All tests were two-sided and in all cases p < 0.05 was accepted as the lowest level of
significance. Group means were calculated for continuous data and medians were calculated for
discrete data (scores) in the summary tables. Test statistics were calculated on the basis of
exact values for means and pooled variances. Individual values, means and standard deviations
may have been rounded off before printing. Therefore, two groups may display the same printed
means for a given parameter, yet display different test statistics values.

Clinical signs:

no effects observed

Mortality:

no mortality observed

Body weight and weight changes:

no effects observed

Food consumption and compound intake (if feeding study):

no effects observed

Ophthalmological findings:

no effects observed

Haematological findings:

effects observed, treatment-related

Description (incidence and severity):

A number of haematological changes were present in the blood at primarily 450 mg/kg/day that suggests an altered red blood cell turn over.
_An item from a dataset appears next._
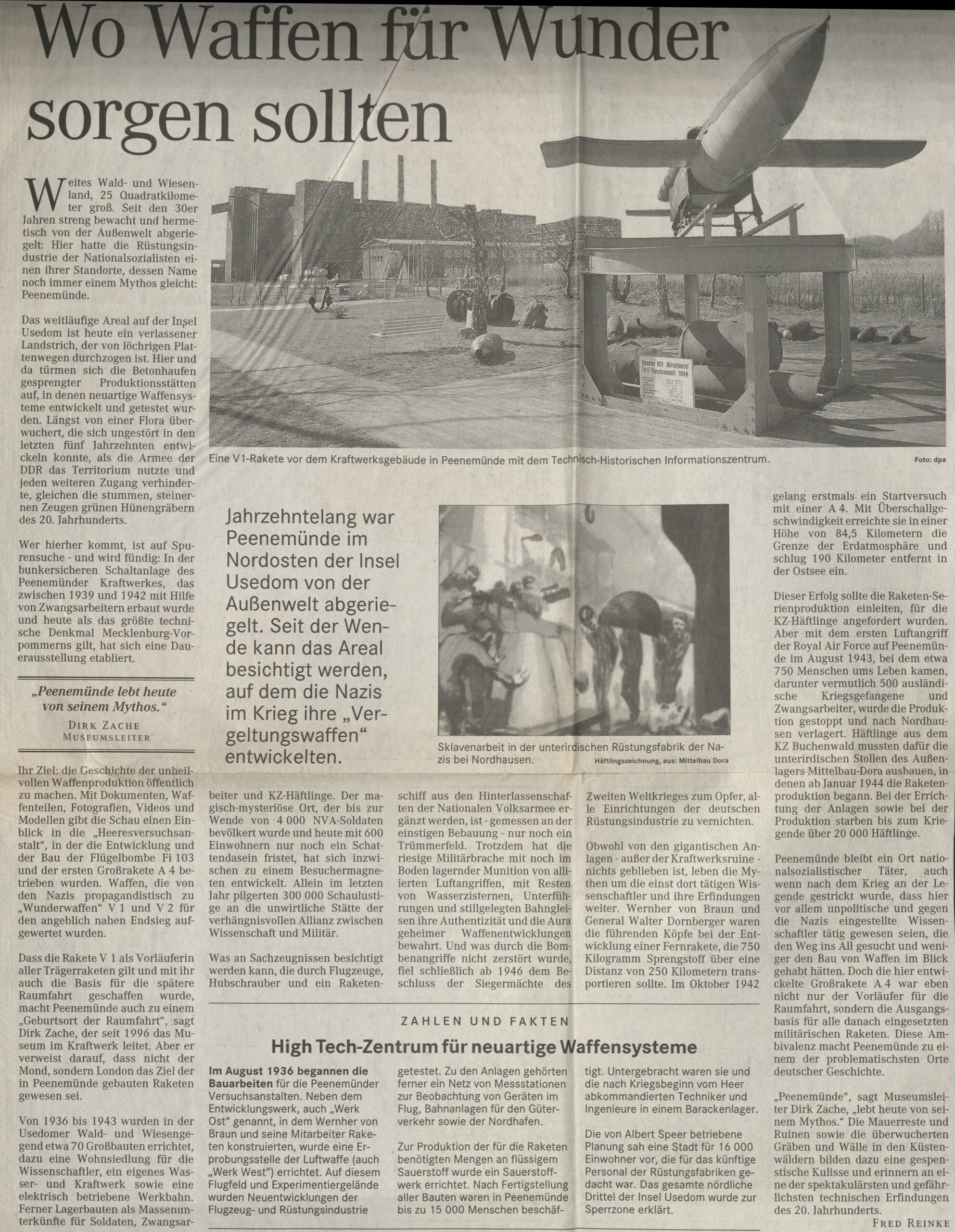 Dass die Rakete V 1 als Vorläuferin aller Trägerraketen gilt und mit ihr auch die Basis für die spätere Raumfahrt geschaffen wurde, macht Peenemünde auch zu einem „Geburtsort der Raumfahrt“, sagt Dirk Zache, der seit 1996 das Museum im Kraftwerk leitet. Aber er verweist darauf, dass nicht der Mond, sondern London das Ziel der in Peenemünde gebauten Raketen gewesen sei.

Clinical biochemistry findings:

no effects observed

Urinalysis findings:

no effects observed

Organ weight findings including organ / body weight ratios:

effects observed, treatment-related

Description (incidence and severity):

enlarged liver was noted in most animals at 450 mg/kg/day and in one male at 150 mg/kg/day; reduced thymus weights of females at 450 mg/kg/day, and for the slightly increased spleen to body weight ratio in males at 450 mg/kg/day

Gross pathological findings:

effects observed, treatment-related

Description (incidence and severity):

enlarged liver was noted in most animals at 450 mg/kg/day and in one male at 150 mg/kg/day;low incidence of bile duct hyperplasia was noted in two males and three females 450 mg/kg/day, and in a single male at 150 mg/kg/day

Histopathological findings: non-neoplastic:

effects observed, treatment-related

Description (incidence and severity):

liver and thyroid hypertrophy

Dose descriptor:

NOAEL

Effect level:

50 mg/kg bw/day (actual dose received)

Based on:

test mat.

Sex:

male/female

Basis for effect level:

other: Changes in liver, kidneys and blood

Critical effects observed:

not specified

Formulation analyses confirmed that formulations of test substance in Arachid oil were prepared accurately and homogenously, and were stable over at least 5 hours.

Treatment did not result in any toxicologically significant changes during the in-life phase (I.e. clinical signs, body weights, food intake, ophthalmoscopy and functional observations).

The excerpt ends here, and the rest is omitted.